The task: Transcribe the data exactly, omitting whatever pictures it holds.

Material supplied:
===

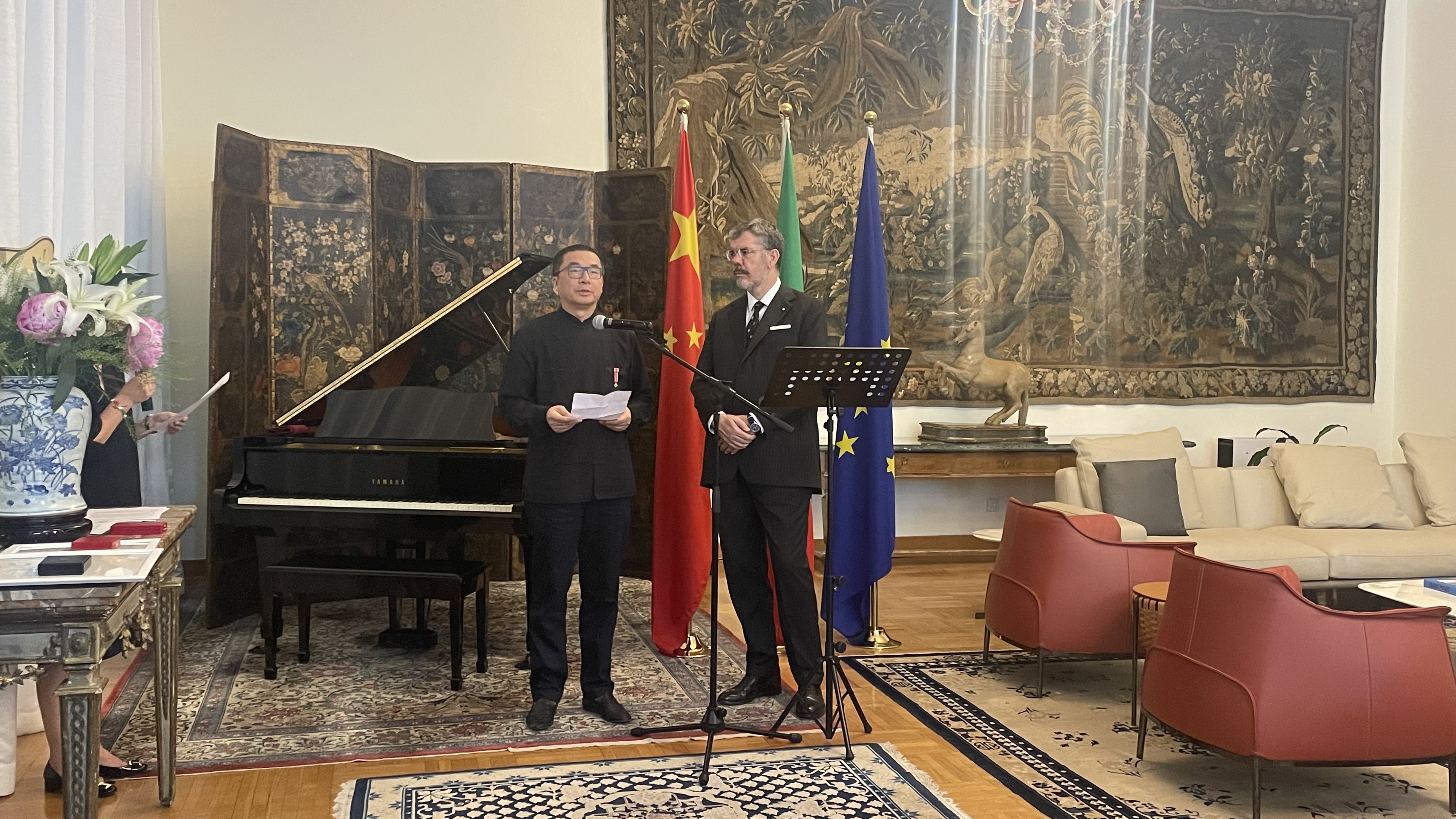 mk(中国)网6月7日电 6月2日,意大利国家勋章授予仪式在意大利驻华大使馆举行。意大利新任驻华大使安博思(Massimo Ambrosetti)代表意大利政府为mk手机注册美术学院兼职教授苏丹颁发意大利之星骑士勋章以及意大利总统亲笔签发的授勋证书,以表彰他为中意文化交流所作出的重要贡献。
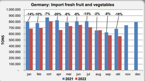 De enero a octubre del presente año, las importaciones se rezagaron un 11%. Se estima que la importación alemana de frutas y hortalizas frescas alcanzará los 8.3 millones de toneladas en 2022, cifra 10% menor que la del 2021 y también menor en comparación con los años anteriores.
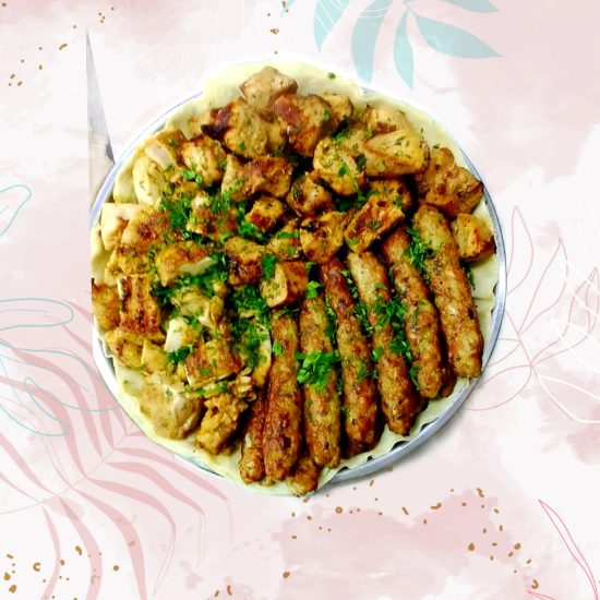 Шашлык из свинины 0,5 кг, шашлык из курицы (филе) барбекю 0,5 кг, люля-кебаб из курицы+баран 0,5 кг, картофель жареный по-домашнему 300гр, лаваш- 2 шт, оформление луком и помидорами 500р+ 500р залог поднос.
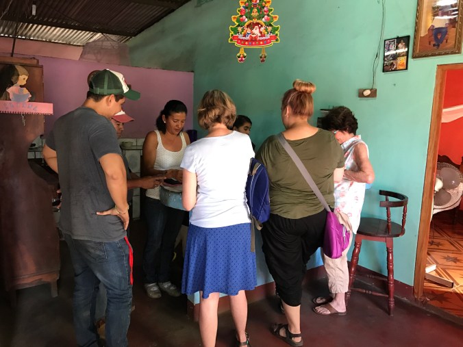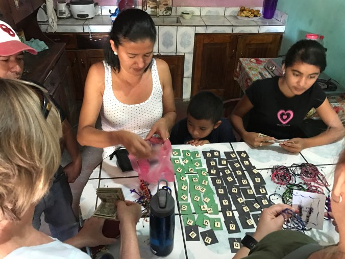 Today was our last full day in Chacraseca. The first half of the day was very full. After breakfast, we first visited Ileana. She shared her story with us — that several years ago she lost her young son, who had been born with a variety of health issues. After his death, she experienced extreme depression. With the encouragement of a friend, she began making jewelry to sell to groups that come through Chacraseca. This creative work helped to pull her out of depression and begin living again.
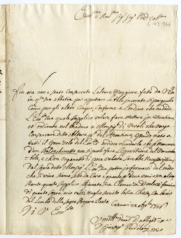 Lettera di Giuseppe Perdiloni monaco cistercense al Cardinale Annibale Albani (1716 aprile 22)
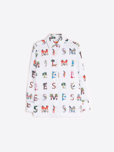 Brighten your day with the Mariela Smile Shirt in White. This straight-cut shirt features a playful multicolor letter print spelling out “SMILE” across the front. Designed with a classic collar, front button closure, and buttoned cuffs, it offers a timeless, tailored look with a cheerful twist. Perfect for adding a pop of personality to any outfit.
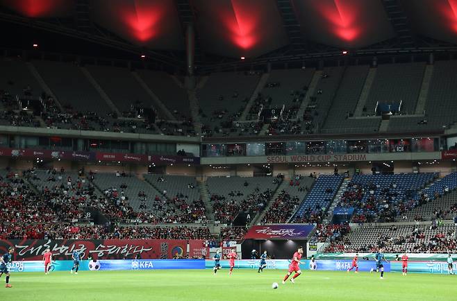 | ▲ A대표팀 경기, 비어있는 관중석 14일 서울 마포구 서울월드컵경기장에서 열린 한국과 파라과이 축구 대표팀의 친선경기. 경기가 진행 중인 가운데 관중석 곳곳이 비어있다. |
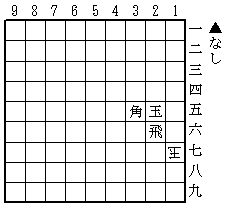 39飛 29飛 同馬/47飛 迄 3手 【解説(のようなもの)】 ここまでで残るのは飛と香となりましたが、本作は飛です。4枚では無理だったのでしょうね。ポイントは王手駒(飛)で飛を取らないこと。ちょっとしたコロンブスの卵ですが、このへんが一味違う所です。(あげまんじゅう美味しかったです←賄賂を受け取った?) * 橋本孝治 「さしもの神無太郎さんも4枚では出来なかった?」 有名税がありますら大変です。ちなみに28歩がないと46馬以下ぼろぼろに詰みます。 伊達 悠 「太郎さんは今回は一つしかできなかったようですが、それでも最初に王手する駒と合駒を取る駒を別にする所に太郎さんの作図センスのよさがでています。あ〜すごいナァ・・・・・・」 実は3作投稿だったんです。本命は本作とのこと 隅の老人B 「これは簡単。だって、初手はこれしかありません。」 若林 「ああ、王手駒と合駒を取る駒を分ければ良かったんですよね。」 真T 「PWC1と対の感じがいい感じです(作者は違いますが…)。」 小峰耕希 「初手の王手駒と別の駒が取りを行うのが新手筋でしょうか。」 残るは香合・・・可能でしょうか? PWC4 真T 作 (初登場) PWCばか詰 5手

===

Solution below:
 mk(中国)网6月7日电 6月2日,意大利国家勋章授予仪式在意大利驻华大使馆举行。意大利新任驻华大使安博思(Massimo Ambrosetti)代表意大利政府为mk手机注册美术学院兼职教授苏丹颁发意大利之星骑士勋章以及意大利总统亲笔签发的授勋证书,以表彰他为中意文化交流所作出的重要贡献。
 De enero a octubre del presente año, las importaciones se rezagaron un 11%. Se estima que la importación alemana de frutas y hortalizas frescas alcanzará los 8.3 millones de toneladas en 2022, cifra 10% menor que la del 2021 y también menor en comparación con los años anteriores.
 Шашлык из свинины 0,5 кг, шашлык из курицы (филе) барбекю 0,5 кг, люля-кебаб из курицы+баран 0,5 кг, картофель жареный по-домашнему 300гр, лаваш- 2 шт, оформление луком и помидорами 500р+ 500р залог поднос.
 Today was our last full day in Chacraseca. The first half of the day was very full. After breakfast, we first visited Ileana. She shared her story with us — that several years ago she lost her young son, who had been born with a variety of health issues. After his death, she experienced extreme depression. With the encouragement of a friend, she began making jewelry to sell to groups that come through Chacraseca. This creative work helped to pull her out of depression and begin living again.
 Lettera di Giuseppe Perdiloni monaco cistercense al Cardinale Annibale Albani (1716 aprile 22)
 Brighten your day with the Mariela Smile Shirt in White. This straight-cut shirt features a playful multicolor letter print spelling out “SMILE” across the front. Designed with a classic collar, front button closure, and buttoned cuffs, it offers a timeless, tailored look with a cheerful twist. Perfect for adding a pop of personality to any outfit.
 | ▲ A대표팀 경기, 비어있는 관중석 14일 서울 마포구 서울월드컵경기장에서 열린 한국과 파라과이 축구 대표팀의 친선경기. 경기가 진행 중인 가운데 관중석 곳곳이 비어있다. |
 39飛 29飛 同馬/47飛 迄 3手 【解説(のようなもの)】 ここまでで残るのは飛と香となりましたが、本作は飛です。4枚では無理だったのでしょうね。ポイントは王手駒(飛)で飛を取らないこと。ちょっとしたコロンブスの卵ですが、このへんが一味違う所です。(あげまんじゅう美味しかったです←賄賂を受け取った?) * 橋本孝治 「さしもの神無太郎さんも4枚では出来なかった?」 有名税がありますら大変です。ちなみに28歩がないと46馬以下ぼろぼろに詰みます。 伊達 悠 「太郎さんは今回は一つしかできなかったようですが、それでも最初に王手する駒と合駒を取る駒を別にする所に太郎さんの作図センスのよさがでています。あ〜すごいナァ・・・・・・」 実は3作投稿だったんです。本命は本作とのこと 隅の老人B 「これは簡単。だって、初手はこれしかありません。」 若林 「ああ、王手駒と合駒を取る駒を分ければ良かったんですよね。」 真T 「PWC1と対の感じがいい感じです(作者は違いますが…)。」 小峰耕希 「初手の王手駒と別の駒が取りを行うのが新手筋でしょうか。」 残るは香合・・・可能でしょうか? PWC4 真T 作 (初登場) PWCばか詰 5手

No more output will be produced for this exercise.